Wednesday, April 11, 2012

The Ultimate Rescue


The entire Christian enterprise, all two thousand years of it, stands or falls on the confession of the Gospels that Jesus Christ “…is indeed risen from the dead.” It is the absolute center of the Christian message that this impossible proclamation is reality and truth. However, even with eye-witnesses at great risk making clear and emphatic testimony in the early hours of the Easter Age, what had happened in the Easter event has been lost on many.

For some the Easter Gospel may be an offense, or nonsense; for others an ancient idea too remote to be considered credible. Yet, the Christ that these two thousand Easters has been celebrating has made all the difference wherever people have turned to Jesus as the risen Lord.

Our age tends to accommodate the most astonishing events and reduce them to a few sound-bytes in a news program, or a few lines of print, and occasional photo or film-clip. Mars landings, fiber-optic cables crisscrossing the globe, medical marvels vie with many other technological miracles for headlines, but usually hold center stage for only short periods of time. The public has a very short attention span unless the news impacts their personal lives.
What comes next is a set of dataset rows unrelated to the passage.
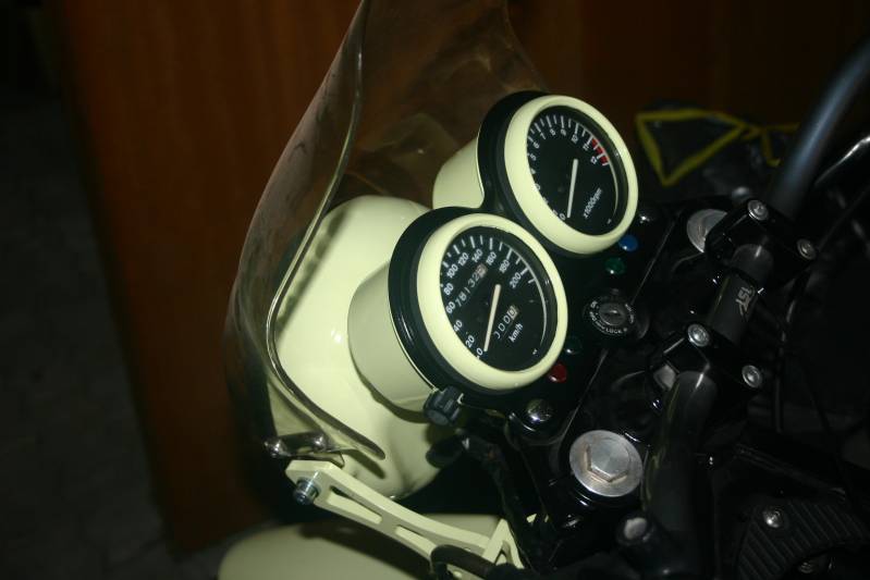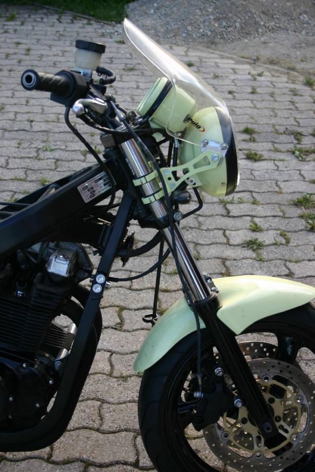 Aktuell überlege ich, ob ich den Originalscheinwerfer mit einem anderen Halter befestige. Ich habe noch einen selbstgebauten aus VA, der ist einen guten Zentimeter länger als der originale, der andere, der noch auf dem Foto zu sehen ist, ist ja noch ein Stückchen länger. Ziel ist es, durch die Montage eines längeren Halters das Windschild (das ja auf Tacho/DZM aufliegt) etwas flacher anstellen zu können. Eventuell baue ich mir noch einen neue Halterung für Tacho und DZM, um diese beide tiefer montieren zu können. Wenn die Lampe weiter vorn ist, könnte man da schon den einen oder anderen Zentimeter runter. Außerdem könnte die neue Halterung von innen die spitze Form des Windschildes etwas mitgehen, die Kontrolllampen könnten dann oben zwischen Tacho und DZM angebracht werden.....na mal sehen...hoffe nur, das es nicht dämlich aussieht, wenn die Lampe so weit nach vorne steht.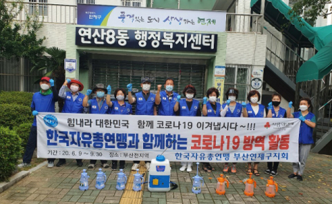연제구 연산8동(동장 김상수)은 한국자유총연맹 연산8동 분회(회장 황경환) 주관으로 지난 22일 회원 15명이 참여한 가운데 사회적 거리두기 2단계 격상에 따른 코로나19 확산 방지 및 청결한 마을 조성을 위해 과정공원 등 다중이용시설 및 상습 불결지를 중심으로 방역과 환경정비 활동을 함께 펼쳤다.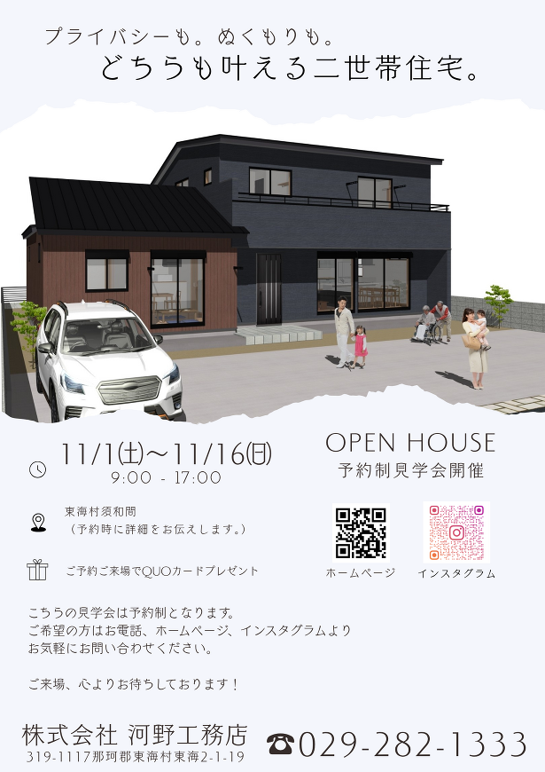 リニューアル最初の内容は、新築住宅予約制見学会のお知らせです👏

Easter does just that. Easter is a cosmic event that impacts the entire roster of the population of earth, from the very first human being to the very last, forever. However, since it speaks in terms that woo rather than mandate, that offer rather than demand, the engines of persuasion many are expecting do not overwhelm those around whom the Easter celebration happens. Some hear the message as too extreme, or the response called for too drastic.

Yet the Church rises in awe and wonder at the Easter message every year. The message of Jesus, that “because he lives, we shall live also” has been the word that has turned our lives around to look forward with hope rather than backward with regret and frustration and impotence. Easter is God’s down payment on a “future and a hope,” of which Jeremiah could only dream.

If we do not welcome the Easter Gospel as it comes to us in the sweet cadences of the Easter festival, we may well find ourselves desperately searching for it in the midst of grief and loss. The resurrection of Jesus Christ may for the moment be not much more than a festive occasion. In time it will prove to be the ultimate rescue from our most profound calamity.